How to complete this task:
Find how many lines in the material contain "with"; your answer should be that number alone.

Material to process:

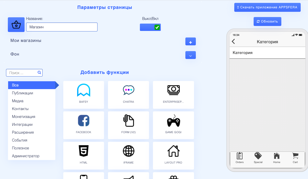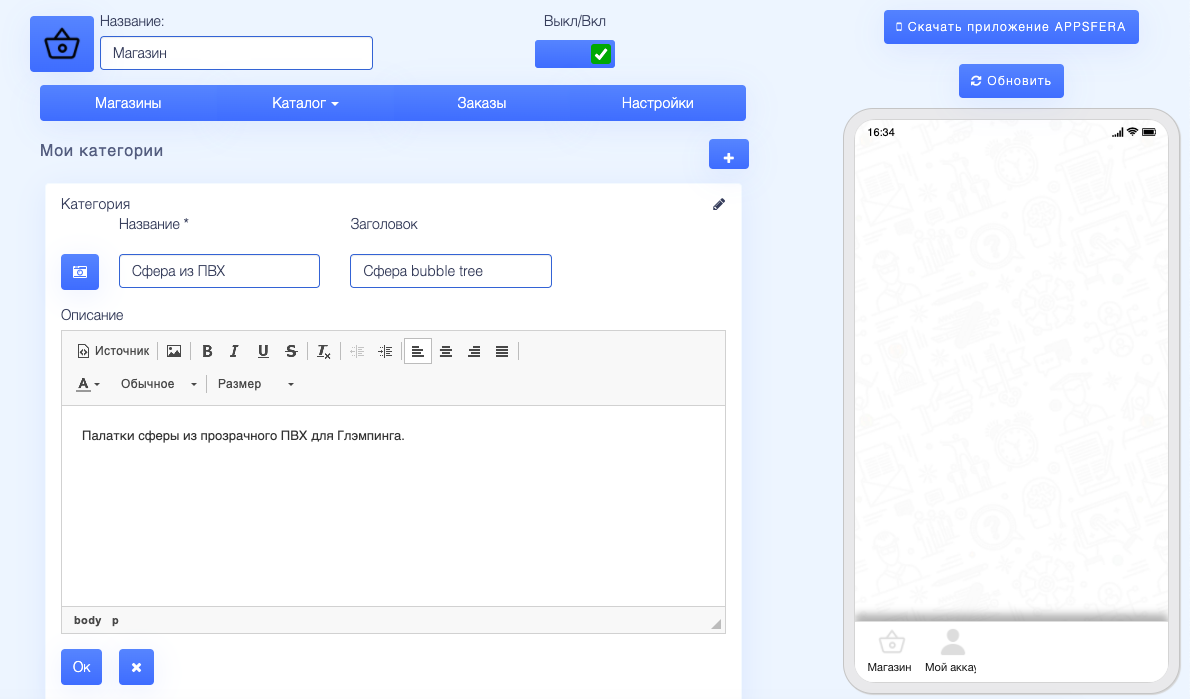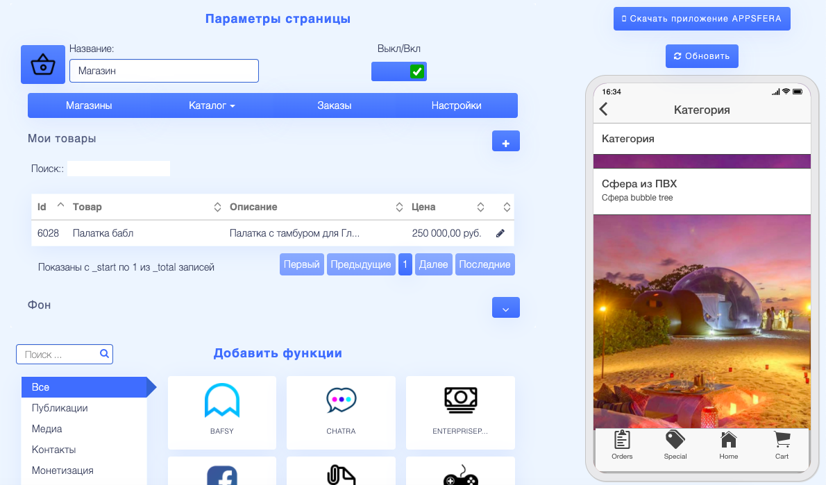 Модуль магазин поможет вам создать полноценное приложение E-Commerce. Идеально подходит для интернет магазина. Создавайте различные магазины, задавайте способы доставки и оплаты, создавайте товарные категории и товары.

* * *

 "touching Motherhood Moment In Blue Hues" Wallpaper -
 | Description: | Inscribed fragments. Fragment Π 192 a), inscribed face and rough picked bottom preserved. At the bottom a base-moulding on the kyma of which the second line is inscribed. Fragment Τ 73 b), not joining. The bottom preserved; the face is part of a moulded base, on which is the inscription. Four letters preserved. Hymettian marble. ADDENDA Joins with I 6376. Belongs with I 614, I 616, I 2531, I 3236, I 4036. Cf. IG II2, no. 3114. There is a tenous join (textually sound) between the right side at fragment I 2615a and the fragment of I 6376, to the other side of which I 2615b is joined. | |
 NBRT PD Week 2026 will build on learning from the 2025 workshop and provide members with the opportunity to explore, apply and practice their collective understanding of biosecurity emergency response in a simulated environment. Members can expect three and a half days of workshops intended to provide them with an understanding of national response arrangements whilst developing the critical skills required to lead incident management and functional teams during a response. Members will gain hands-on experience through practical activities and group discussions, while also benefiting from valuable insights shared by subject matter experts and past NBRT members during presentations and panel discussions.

---

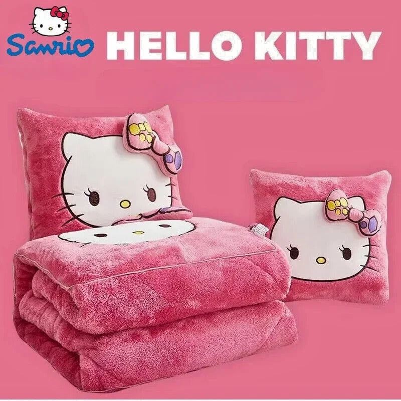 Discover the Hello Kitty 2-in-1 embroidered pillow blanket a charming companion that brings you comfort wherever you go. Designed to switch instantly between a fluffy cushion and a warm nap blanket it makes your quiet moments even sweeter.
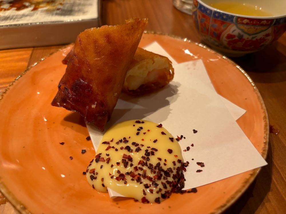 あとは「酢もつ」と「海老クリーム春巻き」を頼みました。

Solution for this task:
2